The prototype system has two parts. The application running on the BBB acts as BLE server, fetches images from the FLIR camera and transmits them over BLE. The Android application acts as BLE client, fetches images from the BLE server and displays them. The BBB part is located in and the Android part is in The latter is just the source part of the Android Studio project tree - I omitted all the garbage that Android Studio generates into the project folders. For the BBB installation, follow the instructions in this blog post. Launch the BBB application like this as root:
/apps/ircamera.sideload/1.0.0/bin/ircamera /dev/ttyACM0
and you are ready to go. On the Android side, select the BLE node with the name "test", connect, click the "Take picture" button, wait for the image to download and there you are. Note that the images are saved on the SD card, which means that they also appear in the stock "Photos" application.

Now at last we can get to the technical issues with this prototype. One interesting aspect is that there is no standard BLE service that provides the functionalities - image capture triggering, image fetching - our system needs. That's not a problem, we defined our own BLE service. It is easiest to follow this service in irc_gattBLED112.xml (, config subdirectory).

The service has a custom UUID, generated randomly:

<service uuid="274b15a3-b9cd-4e5e-94c4-1248b42b82f8" advertise="true">

Also, its 3 GATT characteristics are in the non-standard UUID domain:

<characteristic uuid="00000000-b9cd-4e5e-94c4-1248b42b82f8" id="irc_len">
<characteristic uuid="00000001-b9cd-4e5e-94c4-1248b42b82f8" id="irc_offs">
<characteristic uuid="00000002-b9cd-4e5e-94c4-1248b42b82f8" id="irc_pic">

The interaction goes like the following. The BLE client connects and reads the irc_len characteristic. This characteristic is tagged as "user" on the BLE server side meaning that the BLE application must generate the value on the fly, when the attribute is read. In our case, reading this attribute fetches an image from the FLIR camera, converts it into PNG format and stores it in the apps' data folder, returning only the PNG file size. The Android application now can fetch the image piece by piece. First the Android application writes the irc_offs characteristic to inform the BLE server, what is the starting location of the fragment it wants to fetch. Then it reads the irc_pic characteristic which returns a maximum of 20 bytes of image data. This makes the image download very slow (takes about 10-20 second to download a general 5-6 Kbyte image to the Android application) but the restriction comes from a BLE protocol layer. Maybe the old RFCOMM from Bluetooth Classic would have been actually a better option for this application.

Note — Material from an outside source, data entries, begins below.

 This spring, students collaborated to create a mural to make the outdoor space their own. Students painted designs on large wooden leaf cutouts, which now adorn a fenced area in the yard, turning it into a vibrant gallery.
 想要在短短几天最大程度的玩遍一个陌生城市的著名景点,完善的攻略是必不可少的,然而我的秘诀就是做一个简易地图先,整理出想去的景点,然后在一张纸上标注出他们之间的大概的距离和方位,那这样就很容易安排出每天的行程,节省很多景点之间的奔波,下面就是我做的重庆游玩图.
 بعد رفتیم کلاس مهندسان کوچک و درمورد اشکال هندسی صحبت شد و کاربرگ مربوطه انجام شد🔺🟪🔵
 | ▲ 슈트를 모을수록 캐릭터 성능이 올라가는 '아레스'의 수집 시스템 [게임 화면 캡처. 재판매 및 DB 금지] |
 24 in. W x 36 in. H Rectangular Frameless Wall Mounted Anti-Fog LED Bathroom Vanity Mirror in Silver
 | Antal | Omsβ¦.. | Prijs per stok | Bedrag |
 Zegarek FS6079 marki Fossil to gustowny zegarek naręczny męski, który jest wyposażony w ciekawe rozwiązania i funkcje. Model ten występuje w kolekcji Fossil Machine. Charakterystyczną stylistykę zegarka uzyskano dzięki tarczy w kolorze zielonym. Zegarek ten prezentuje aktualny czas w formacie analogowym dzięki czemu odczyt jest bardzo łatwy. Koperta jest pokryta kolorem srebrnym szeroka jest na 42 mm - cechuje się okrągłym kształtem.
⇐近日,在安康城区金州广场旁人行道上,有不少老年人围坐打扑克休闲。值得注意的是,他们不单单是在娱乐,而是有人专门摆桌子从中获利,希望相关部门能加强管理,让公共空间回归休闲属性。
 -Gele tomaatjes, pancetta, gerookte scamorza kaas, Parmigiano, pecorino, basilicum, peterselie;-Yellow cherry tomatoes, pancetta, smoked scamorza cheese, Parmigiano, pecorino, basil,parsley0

Update: I updated the client/server application to make the download faster (it is still quite slow). In order to speed up, I removed the explicit setting of the file offset (so the irc_offs characteristic is not used anymore). This made the download faster but there's still room for improvement.

Other than the issue with fragment size, both applications are pretty straighforward. Maybe the colors of the IR image are worth discussing a bit. The FLIR camera returns a matrix of 80x60 pixels, each pixel has a depth of 12 bit. Grayscale presentation is the most evident option but most displays have only 256 gray colors. In order to make the IR shades more visible, I used fake coloring. The algorithm is very simple: after the image is fetched, the maximum and the minimum IR intensity is calculated and the range between the two are mapped into a rainbow gradient of 400 colors.